■ **The task**
Exactly repeat all the records below, omitting the images they hold.

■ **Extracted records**
========================================
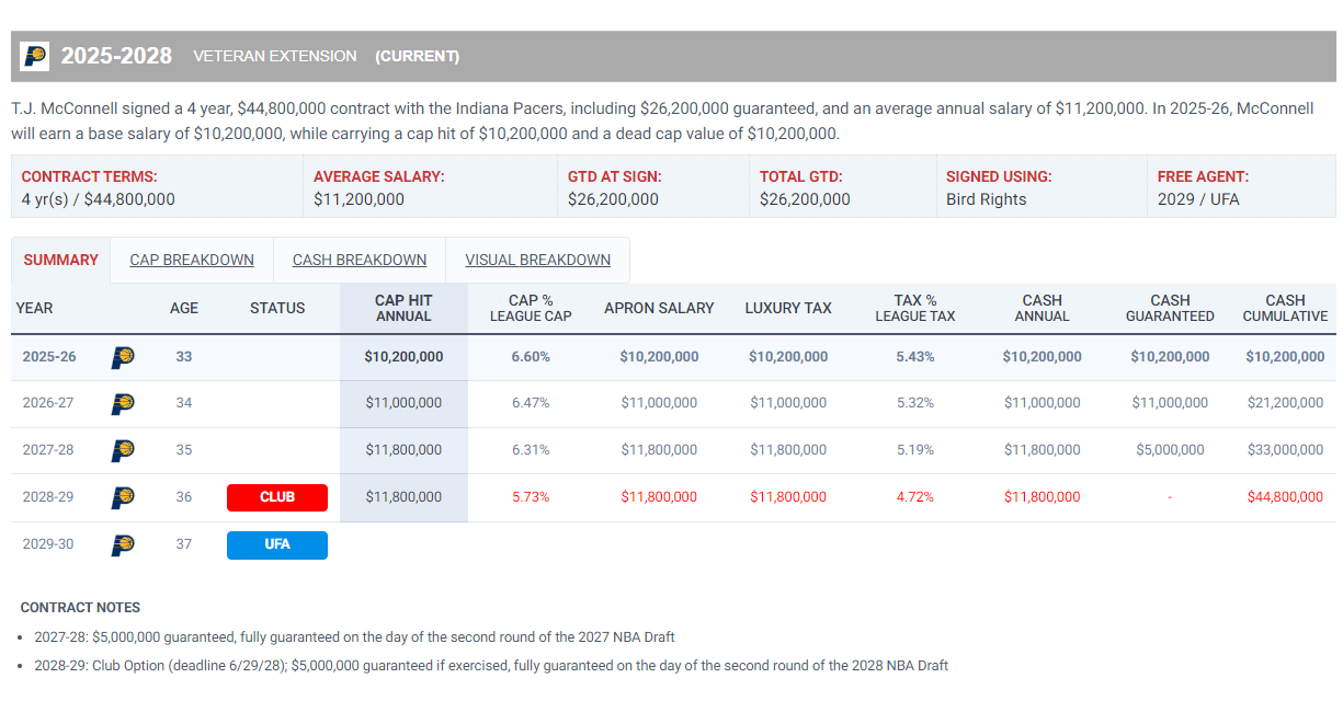 步行者与麦康达成了四年4480万的续约,他下赛季的薪水为1020万,28-29赛季是球队选项。这份合同真的是超值合同。
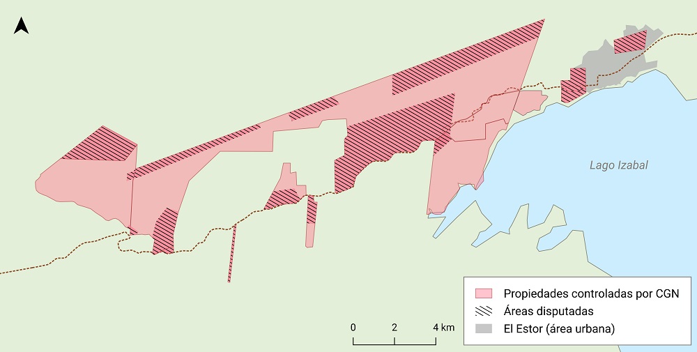 Desde la perspectiva de CGN, sus extensas propiedades pueden servir de solución ante la conflictividad social. Desde la perspectiva de las comunidades Q’eqchi’, sin embargo, la propiedad de estas tierras por parte de la empresa es precisamente la causa de los conflictos en la zona. Las raíces de esta disputa se remontan a las reformas liberales del siglo XIX, que permitieron que vastas áreas de tierra sin título –conocidas como baldíos– fueran reclamadas y cercadas como propiedad privada por Ladinos. En realidad, estas tierras distaban mucho de estar vacías, pues con frecuencia albergaban comunidades indígenas establecidas que fueron despojadas de un plumazo.
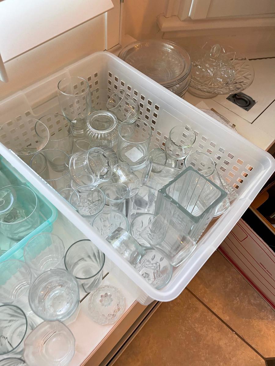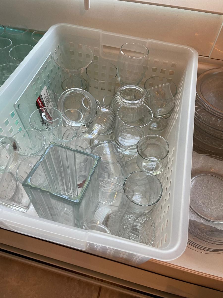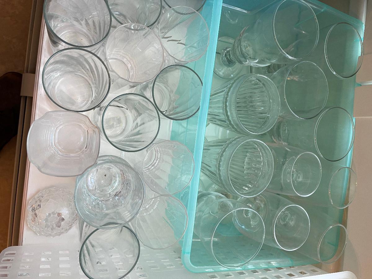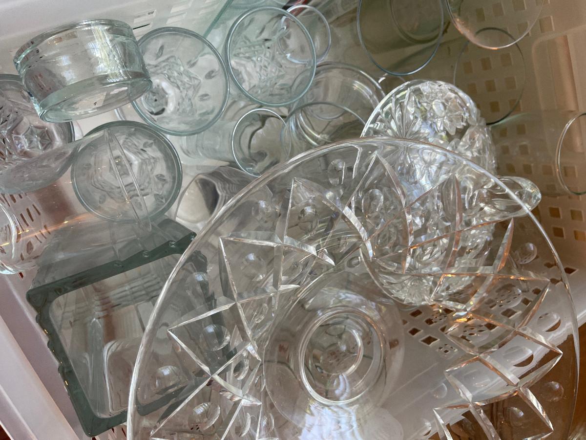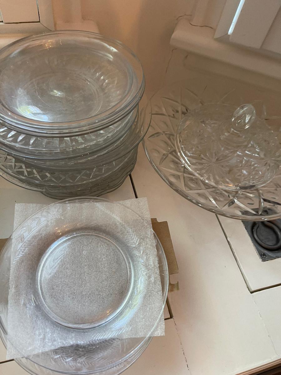 #382 1 GIANT Lot of CLEAR Glass: Glasses, Plates and Serving Bowls.
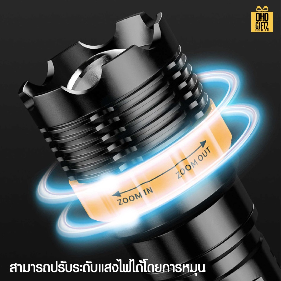 ไฟฉาย LED ซูมได้ 3 โหมดพร้อมเชือกคล้องมือ สกรีนโลโก้ ทำเป็นของพรีเมี่ยมได้ (ขั้นต่ำ 100 ชิ้น)
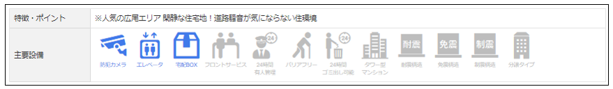 主要設備 :物件情報に登録されている設備が青く光ります。
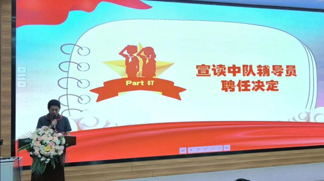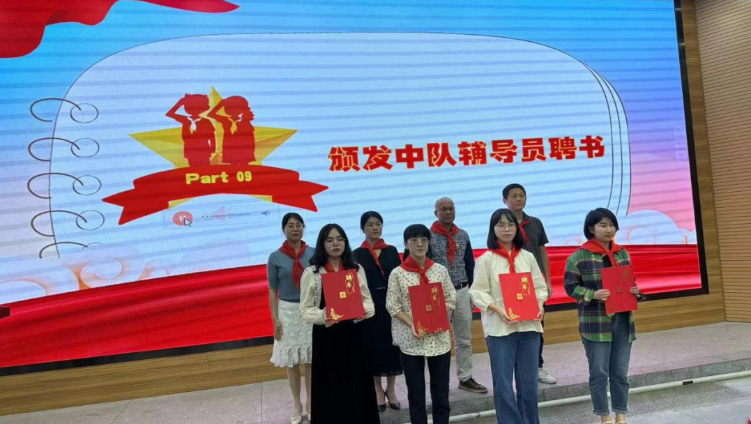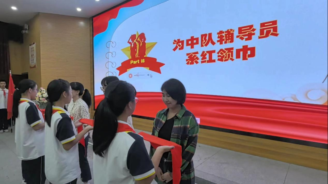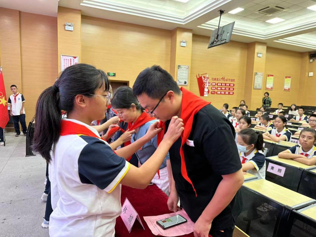 少先队活动的开展离不开一支优秀的辅导员队伍,陈磊副校长宣读新聘中队辅导员名单,由少先队员代表为新聘任的中队辅导员佩戴红领巾,由校领导为辅导员老师们颁发聘书。
========================================
■ **Exercise result**
 步行者与麦康达成了四年4480万的续约,他下赛季的薪水为1020万,28-29赛季是球队选项。这份合同真的是超值合同。
 Desde la perspectiva de CGN, sus extensas propiedades pueden servir de solución ante la conflictividad social. Desde la perspectiva de las comunidades Q’eqchi’, sin embargo, la propiedad de estas tierras por parte de la empresa es precisamente la causa de los conflictos en la zona. Las raíces de esta disputa se remontan a las reformas liberales del siglo XIX, que permitieron que vastas áreas de tierra sin título –conocidas como baldíos– fueran reclamadas y cercadas como propiedad privada por Ladinos. En realidad, estas tierras distaban mucho de estar vacías, pues con frecuencia albergaban comunidades indígenas establecidas que fueron despojadas de un plumazo.
 #382 1 GIANT Lot of CLEAR Glass: Glasses, Plates and Serving Bowls.
 ไฟฉาย LED ซูมได้ 3 โหมดพร้อมเชือกคล้องมือ สกรีนโลโก้ ทำเป็นของพรีเมี่ยมได้ (ขั้นต่ำ 100 ชิ้น)
 主要設備 :物件情報に登録されている設備が青く光ります。
 少先队活动的开展离不开一支优秀的辅导员队伍,陈磊副校长宣读新聘中队辅导员名单,由少先队员代表为新聘任的中队辅导员佩戴红领巾,由校领导为辅导员老师们颁发聘书。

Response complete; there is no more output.